(TASK OBJECTIVE): Type out the lines below exactly, pictures excluded.

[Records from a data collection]
◇ ◇ ◇ ◇ ◇ ◇ ◇
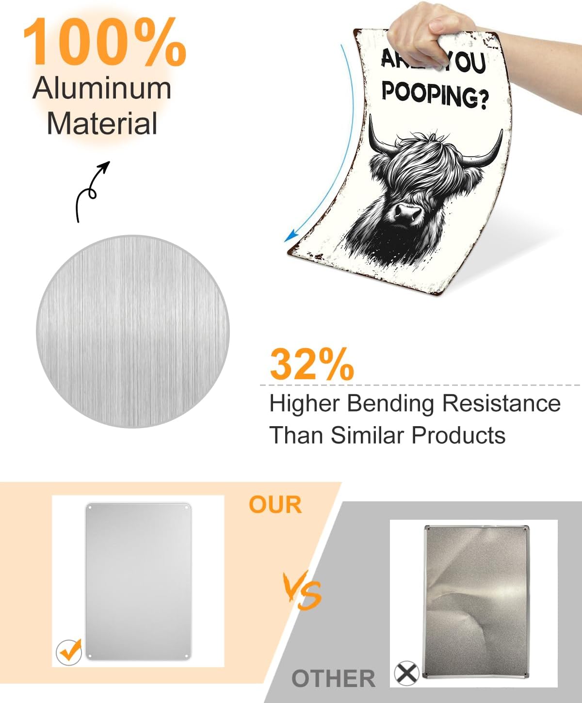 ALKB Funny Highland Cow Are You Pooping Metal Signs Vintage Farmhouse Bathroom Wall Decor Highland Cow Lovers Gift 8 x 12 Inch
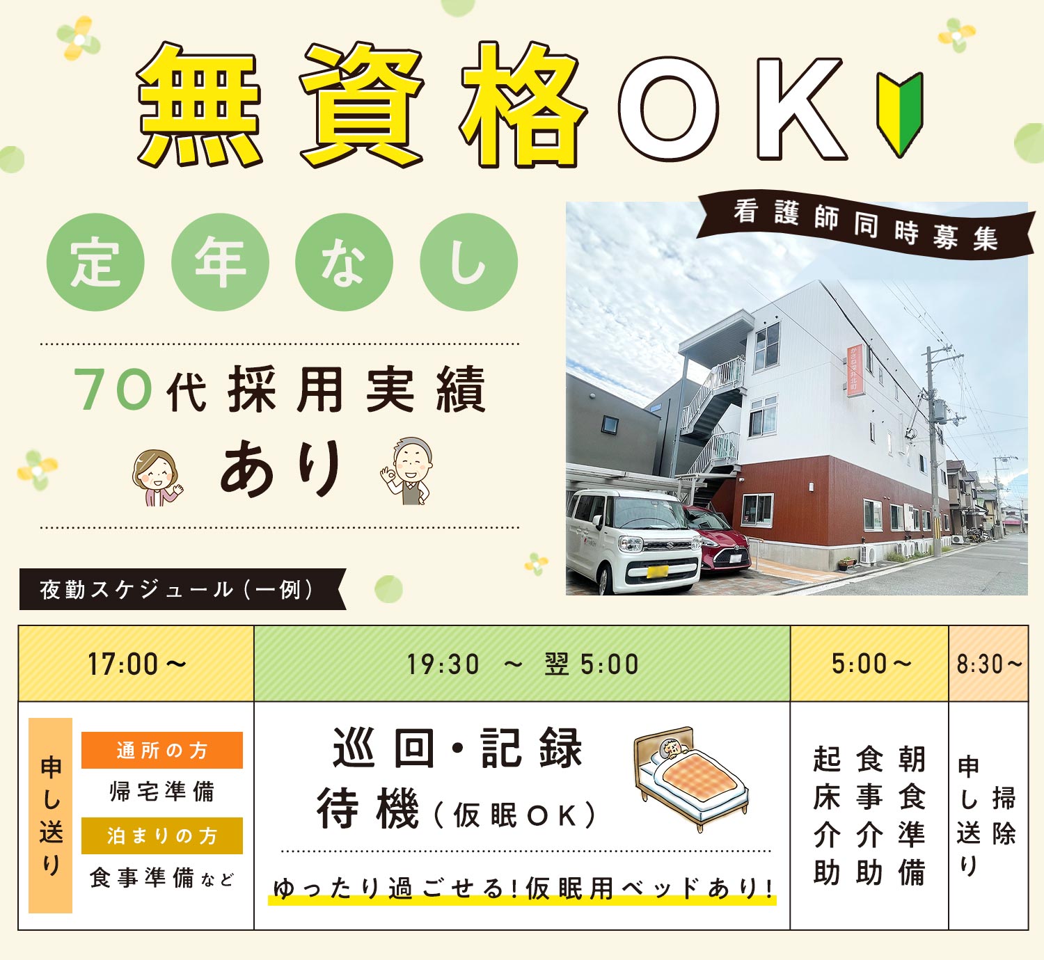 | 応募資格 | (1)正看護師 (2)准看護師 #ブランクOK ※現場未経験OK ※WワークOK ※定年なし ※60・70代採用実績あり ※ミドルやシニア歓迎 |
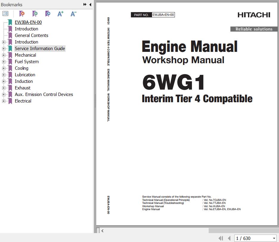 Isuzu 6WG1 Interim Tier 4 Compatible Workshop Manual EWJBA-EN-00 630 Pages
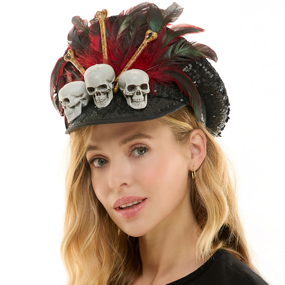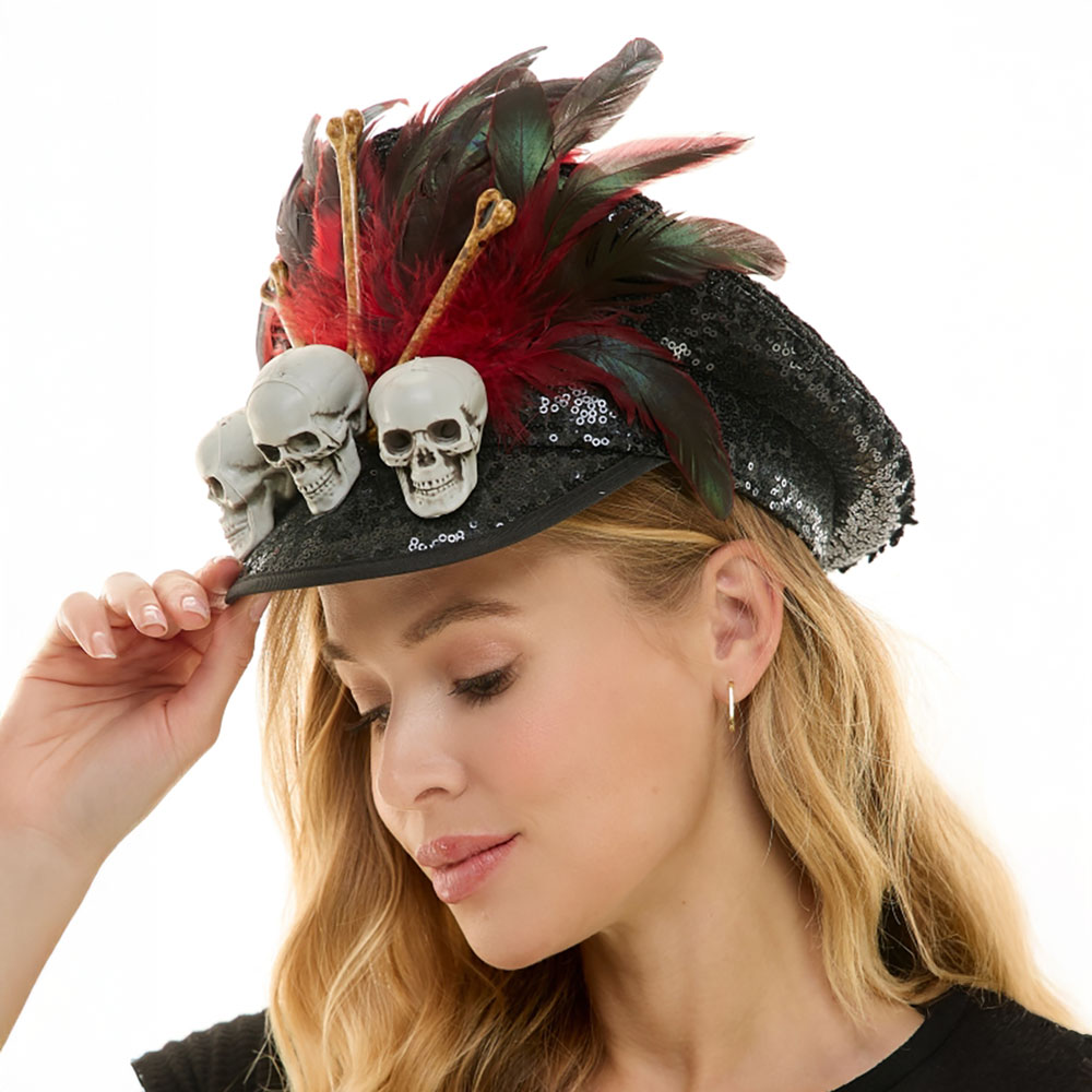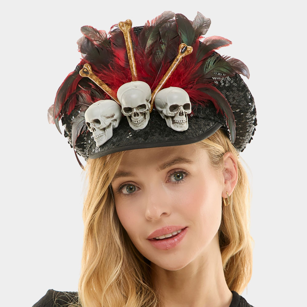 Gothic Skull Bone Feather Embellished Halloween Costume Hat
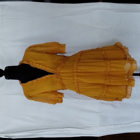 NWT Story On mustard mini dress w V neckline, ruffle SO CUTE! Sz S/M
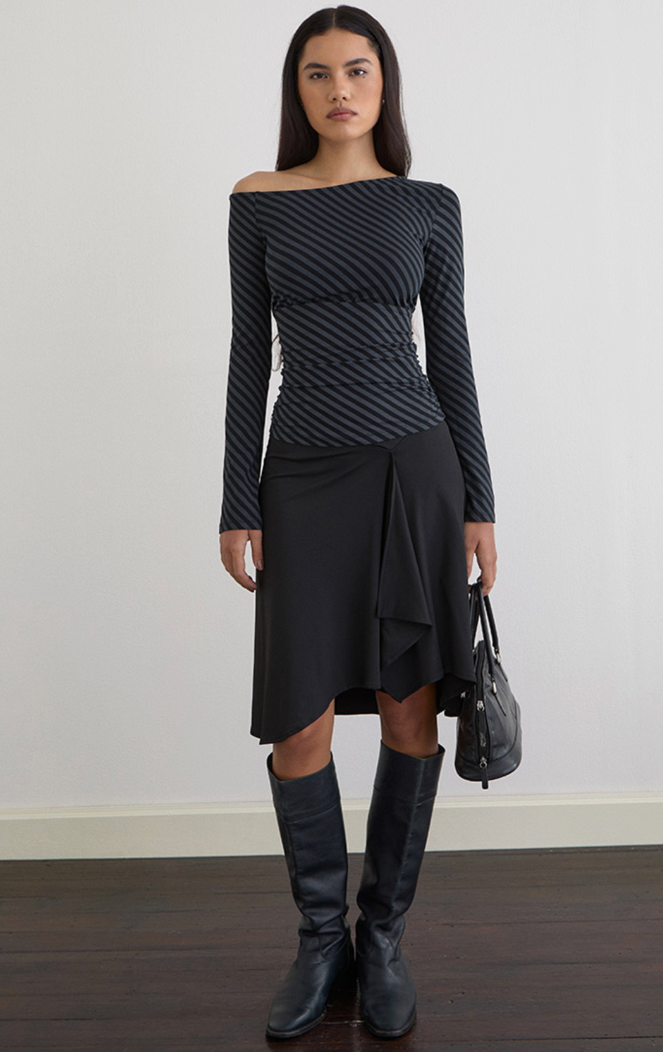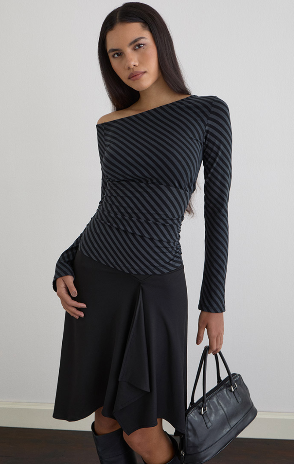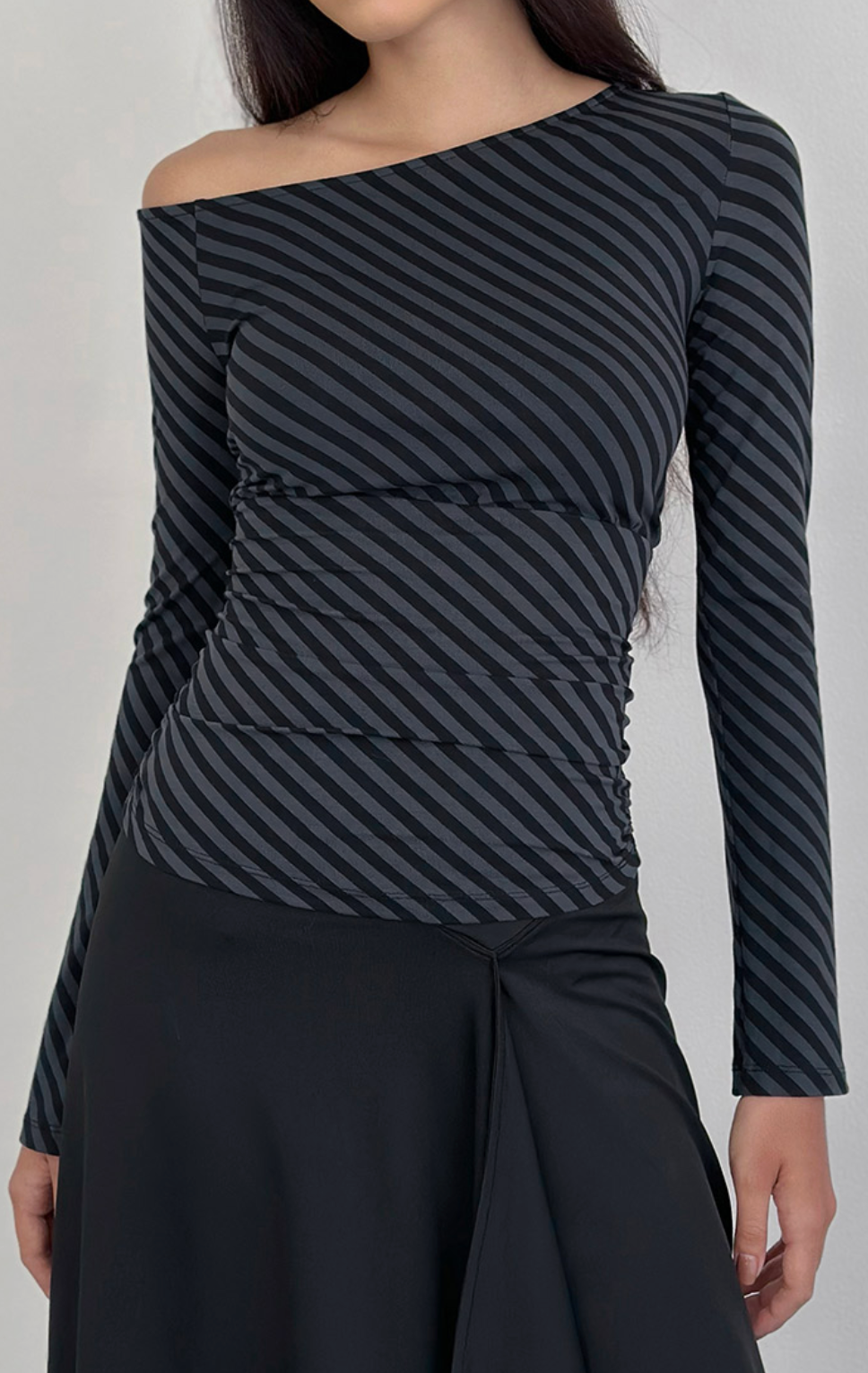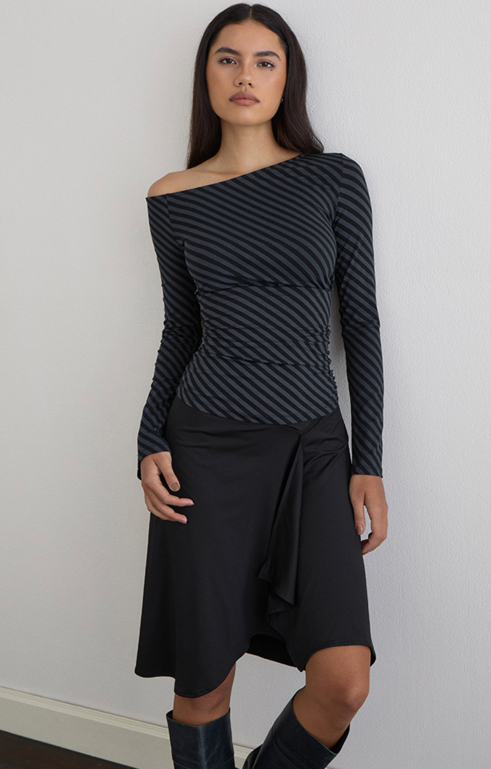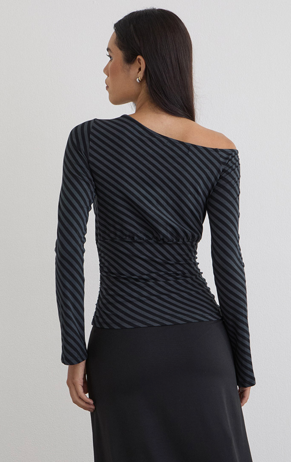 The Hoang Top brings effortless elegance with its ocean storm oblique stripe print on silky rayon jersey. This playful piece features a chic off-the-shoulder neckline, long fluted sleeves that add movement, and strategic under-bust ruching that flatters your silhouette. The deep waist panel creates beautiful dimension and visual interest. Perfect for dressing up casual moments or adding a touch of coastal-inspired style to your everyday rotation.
◇ ◇ ◇ ◇ ◇ ◇ ◇
(YOUR SOLUTION):
 ALKB Funny Highland Cow Are You Pooping Metal Signs Vintage Farmhouse Bathroom Wall Decor Highland Cow Lovers Gift 8 x 12 Inch
 | 応募資格 | (1)正看護師 (2)准看護師 #ブランクOK ※現場未経験OK ※WワークOK ※定年なし ※60・70代採用実績あり ※ミドルやシニア歓迎 |
 Isuzu 6WG1 Interim Tier 4 Compatible Workshop Manual EWJBA-EN-00 630 Pages
 Gothic Skull Bone Feather Embellished Halloween Costume Hat
 NWT Story On mustard mini dress w V neckline, ruffle SO CUTE! Sz S/M
 The Hoang Top brings effortless elegance with its ocean storm oblique stripe print on silky rayon jersey. This playful piece features a chic off-the-shoulder neckline, long fluted sleeves that add movement, and strategic under-bust ruching that flatters your silhouette. The deep waist panel creates beautiful dimension and visual interest. Perfect for dressing up casual moments or adding a touch of coastal-inspired style to your everyday rotation.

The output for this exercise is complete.